Le 17 avr. 08 à 18:38, John Stiles a écrit :
Quick question: in Leopard, are there any keyboards left which don't
have a uchr?
I found some sample code which includes a fallback case for if no
'uchr' resource is found (it uses plain KeyTranslate in this case)
and I'm wondering whether this is still relevant in the Leopard-and-
above timeframe.
John Stiles wrote:
Sweet, I will take a look at this and post back when I have results
or questions. Thanks!
Greg Titus wrote:
I think you'd ask the NSEvent for its -keyCode, then pass that key
code to UCKeyTranslate() with all the modifier key state
(including shift) turned off in order to get a unicode string for
what that key would mean if the user hadn't been pressing any
modifiers.
Hope that helps,
- Greg
On Apr 17, 2008, at 9:02 AM, John Stiles wrote:
I have an NSEvent and I need to know what key the user has
pressed, minus any of the modifiers. NSEvent -
charactersIgnoringModifiers seems like a good place to start, but
it has one serious flaw—it does not ignore the Shift key. So, for
instance, it won't change ~ to `, ! to 1 or { to [.

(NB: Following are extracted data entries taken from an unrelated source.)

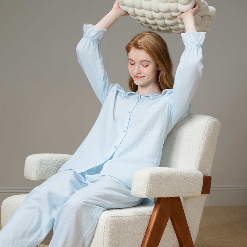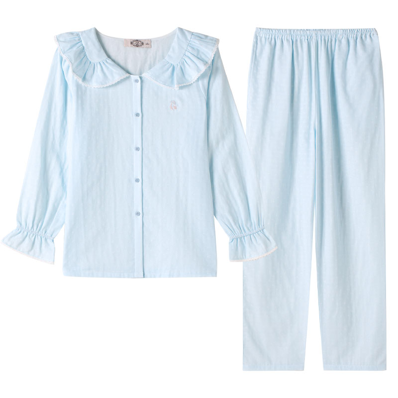 女春秋双层棉纱甜美刺绣全棉质家居服夏 纯棉睡衣套装 美标新款 长袖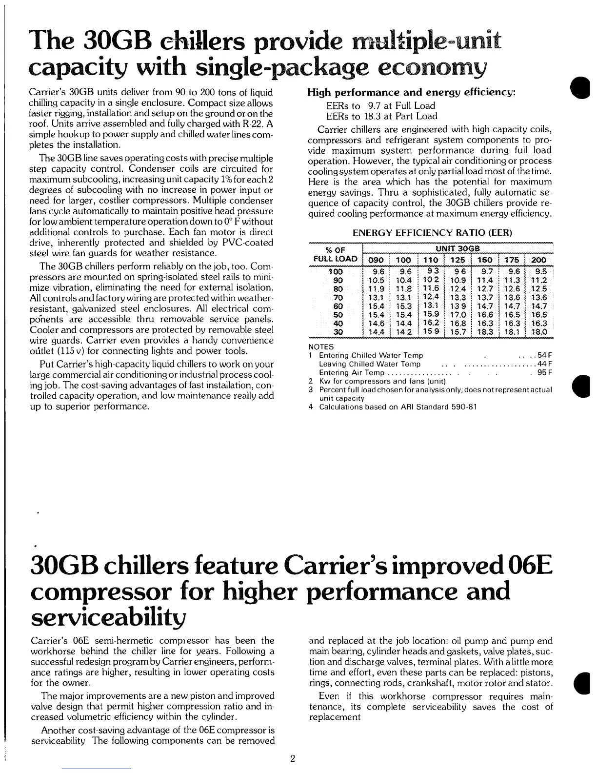Carrier 30GB - The 30 GB chillers provide multiple-unit capacity with single-package economy; High performance and energy efficiency; Improved 06 E compressor for higher performance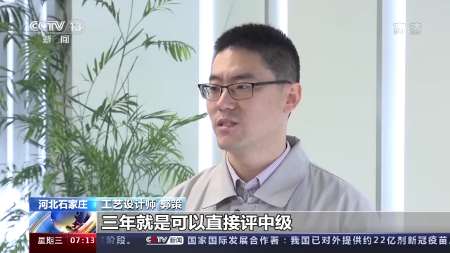 工艺设计师 郭策:现在硕士研究生毕业之后,三年就可以直接评中级,也就是说应该是省了两年时间。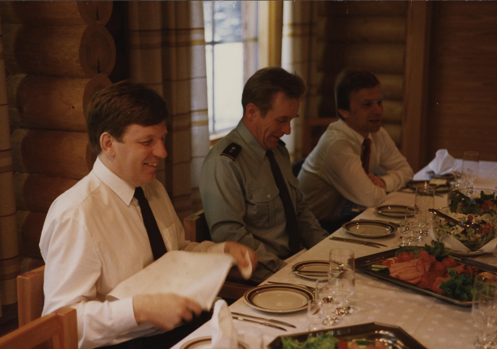 Kuva 2. Pääministeri Esko Aho ja sisäministeri Mauri Pekkarinen Rajavartiolaitoksen päällikön kenraaliluutnantti Matti Aution seurassa Nuijamaalla.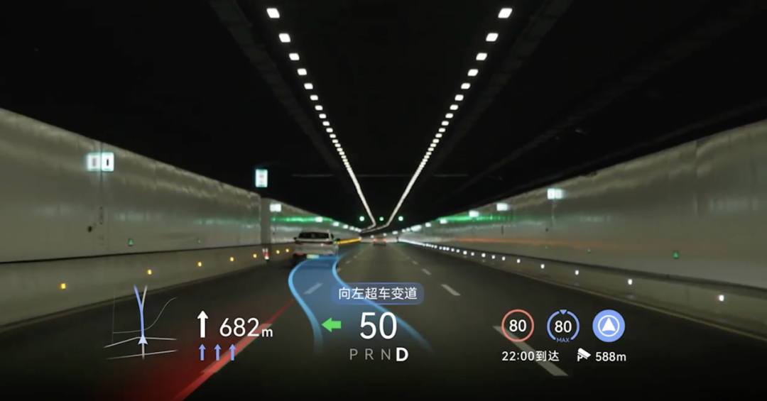 这些都是 AR-HUD 从「能用」到「好用」,必须跨过的坎。因此,行业正在用更严格的指标重新审视 AR-HUD 的价值,比如实景贴合度。它考验的是 AR-HUD 是否具备足够精准的环境感知与空间计算能力,能否在动态行驶中,让虚拟信息与真实道路保持高度一致,而不是「漂浮在视野里」。在这一标准下,小鹏 P7 与问界 M8 基于华为乾崑车载光的支持,率先交出答卷。凭借 AR-HUD 在静态显示质量与动态场景贴合度方面的表现,通过了专项测评并获得认证,成为少数真正「对得上路」的 产品量产案例。华为乾崑之所以能够精准解决痛点,在于软硬件协同的系统能力。一方面,从底层芯片、核心器件到整机光学设计进行全链路优化,满足了复杂光学成像要求;另一方面,AR-HUD 与智能座舱、智能驾驶系统深度协同,确保在高速、转向、颠簸等动态场景下,画面稳定、逻辑一致,从而降低长期使用带来的视觉疲劳。而 AR-HUD 下一步延展方向,则是主动安全,具体路径包括:- 在识别「鬼探头」等高风险场景时,即时生成红色警示框;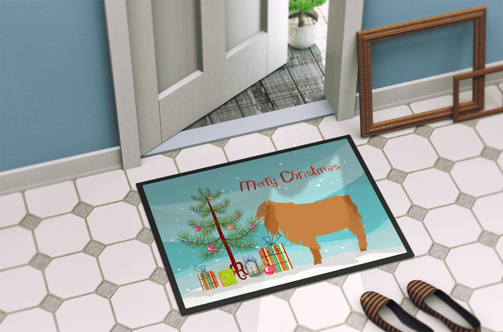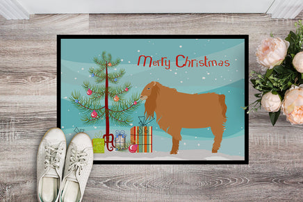 Decorate your space with Caroline's Treasures Christmas American Lamancha Goat artwork on a Doormat. Welcome your guests in style with Caroline's Treasures Artwork Door Mat, designed to withstand almost any weather condition. This mat, measuring approximately 24 by 36 inches, is held together by durable black binding tape. Its top layer, composed of polyester felt, is dyed with the eye-catching image you see on the mat. A few layers below provide the mat with stability, while its rubber bottom is stamped to help prevent slipping and ensures safety. Caroline's Treasures mat works wonderfully as both an indoor or outdoor door mat. For cleaning, simply hose it off with water or use a power washer - no need for any cleaner that produces suds. Avoid scrubbing with a brush, instead, opt for the vacuum on floor setting. Designed manufactured and printed in the USA, this mat is a perfect addition to your porch, outdoor kitchen, entryway, or any indoor space. Its unique design makes it a charming decorative rug that greets your guests and adds a stylish touch to your home decor.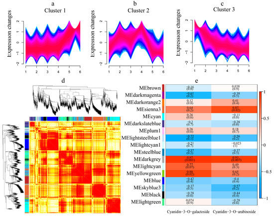 Time series analysis and WGCNA results. (a–c) represented cluster 1~cluster 3, respectively. 1~2, 3~4, and 5~6 represented ‘D2-1’ testa and ‘Jinghong 1’testa in the green fruit, testa color transition, and ripening stages, respectively. (d) Gene cluster dendrogram and the correlation between modules. (e) The correlation between modules and anthocyanin content. The number above represented the coefficient, and the number below represented R2 value. Red represents positive correlation, while blue represents negative correlation.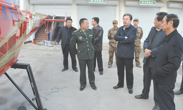 本报讯 11月16日,县委书记、县长卫再学,县委副书记、统战部长秦志洲,县政协主席李服役,县委常委、人武部政委陈军,政府副县长王述江来到县人武部院内,参观了通用航空飞机展示。
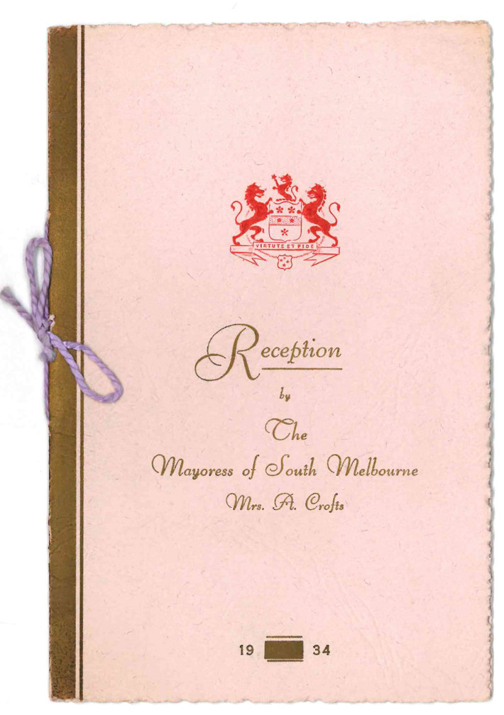Programme for a reception held by the Mayoress of South Melbourne, 1934 (Port Phillip Heritage Centre collection)
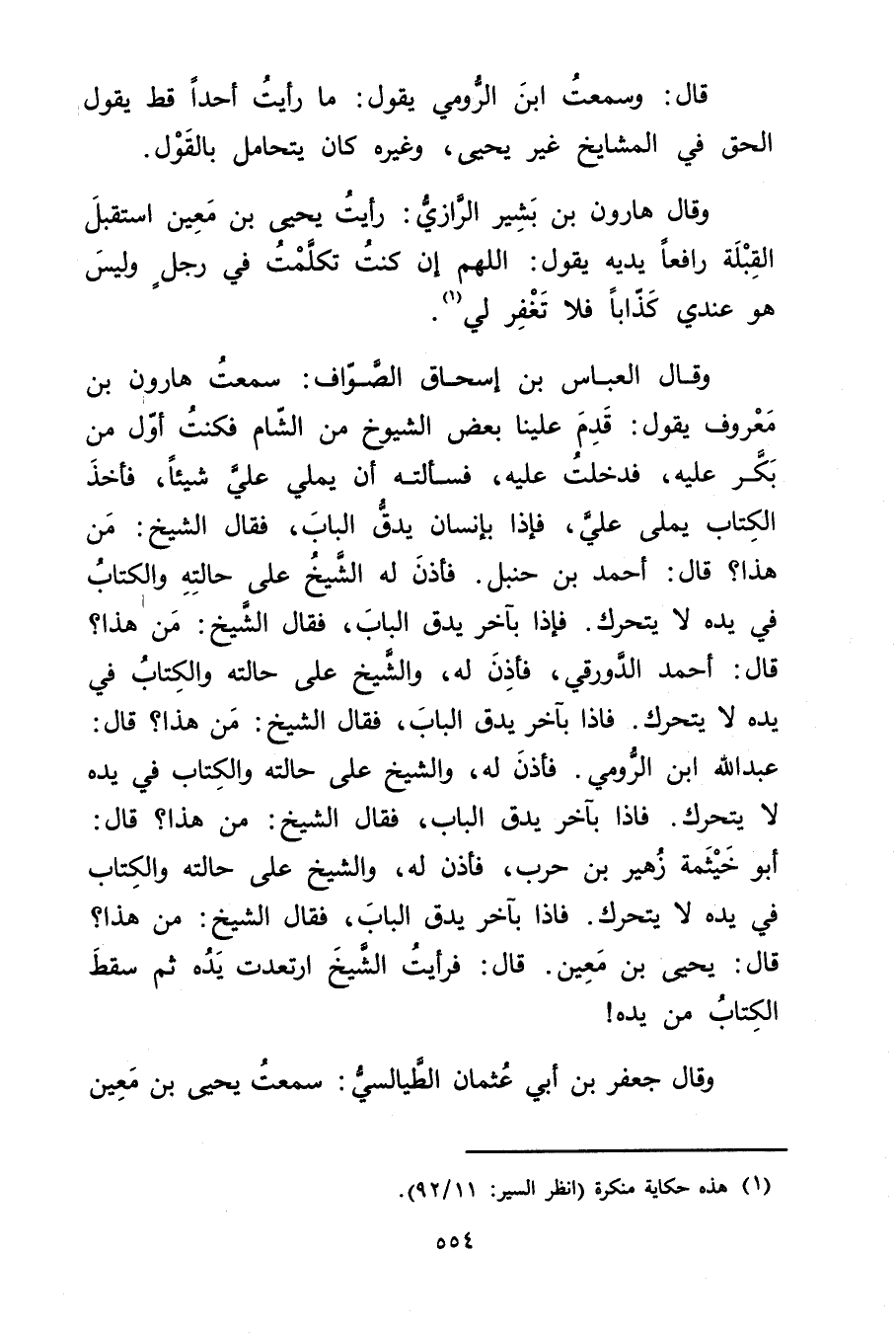 وَقَال العباس بْن إِسْحَاق الصواف: سمعت هَارُون بْن مَعْرُوف يَقُول: قدم علينا بعض الشيوخ من الشام فكنت أول من بَكْر عليه، فدخلت عليه، فسألته أن يملي علي شيئا، فأخذ الكتاب يملى علي، فإذا بإنسان يدق الباب، فَقَالَ الشيخ: من هذا؟ قال: أَحْمَد بْن حَنْبَل. فأذن له الشيخ على حالته والكتاب فِي يده لا يتحرك. فإذا بآخر يدق الباب، فَقَالَ الشيخ: من هذا؟ قال: أَحْمَد الدورقي، فأذن له، والشيخ على حالته والكتاب فِي يده لا يتحرك. فإذا بآخر يدق الباب، فَقَالَ الشيخ: من هَذَا؟ قال: عَبد اللَّهِ بْنُ الرومي. فأذن له، والشيخ على حالته والكتاب فِي يده لا يتحرك. فإذا بآخر يدق الباب، فَقَالَ الشيخ: من هذا؟ قال: أَبُو خيثمة زهير بْن حرب، فأذن له، والشيخ على حالته والكتاب فِي يده لا يتحرك. فإذا بآخر يدق الباب، فَقَالَ الشيخ من هذا؟ قال: يَحْيَى بْن مَعِين. قال: فرأيت الشيخ ارتعدت يده ثُمَّ سقط الكتاب من يده!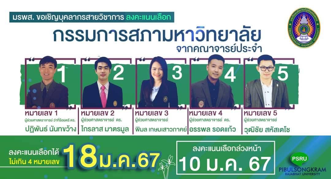 มรพส. ขอเชิญบุคลากรสายวิชาการ ลงคะแนนเลือกกรรมการสภามหาวิทยาลัยจากคณาจารย์ประจำ ![]()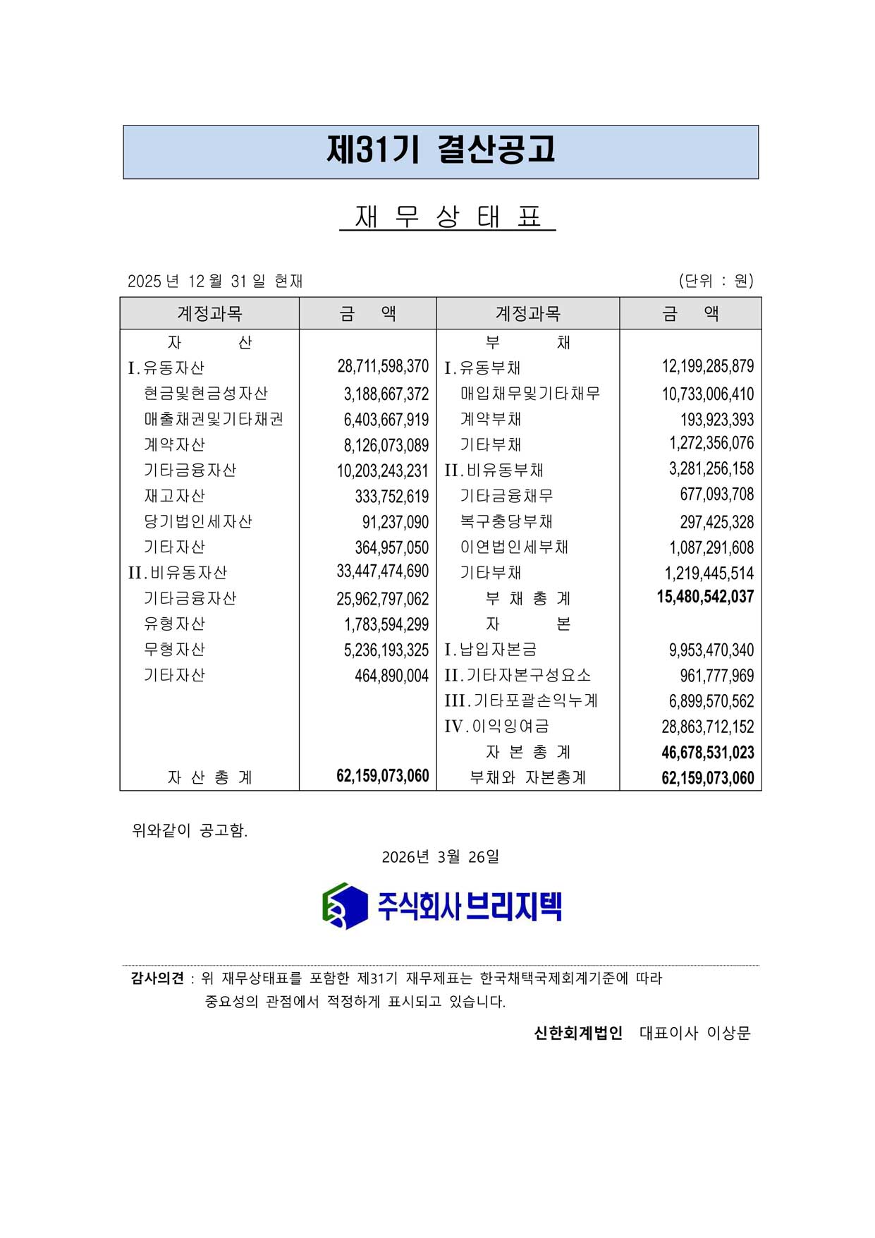 브리지텍 제31기 결산공고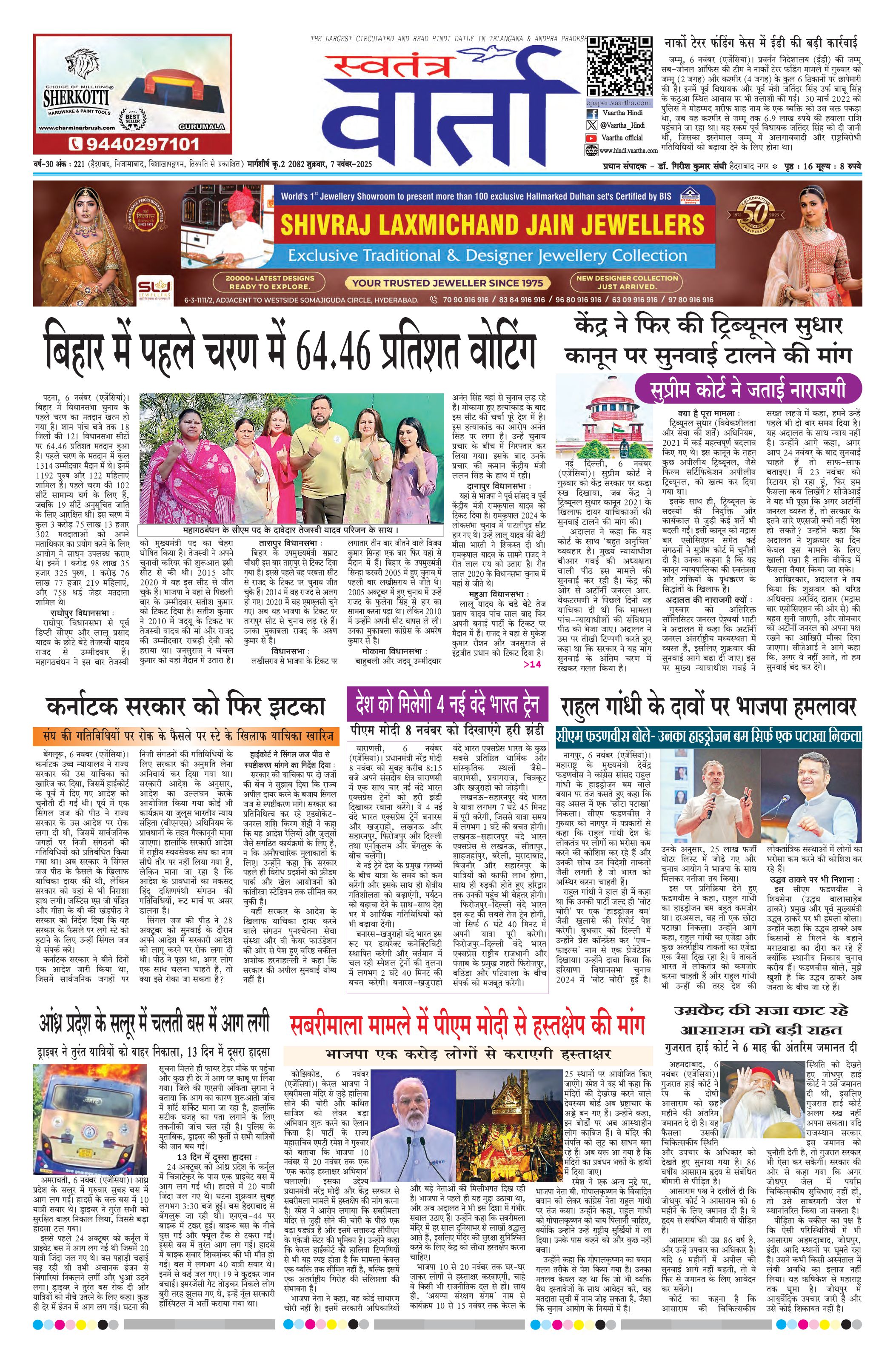 Swatantra Vaartha - 07 Nov 2025 - - Page 1

I need this for my app, because I am trying to implement
functionality where the user can add custom hotkeys to buttons or
menu items—this is a requirement of the design, it works well
conceptually, and it works well on the Windows side. On the Mac
side, however, there are lots of problems where AppKit will get
confused when two items have similar hotkeys (such as rdar://
5848023 [NSResponder] Problem with button hotkeys and shift
modifier, which I posted about here before) and the end result is
that it, with some key combinations, AppKit sends the action
message to the wrong menu item or button.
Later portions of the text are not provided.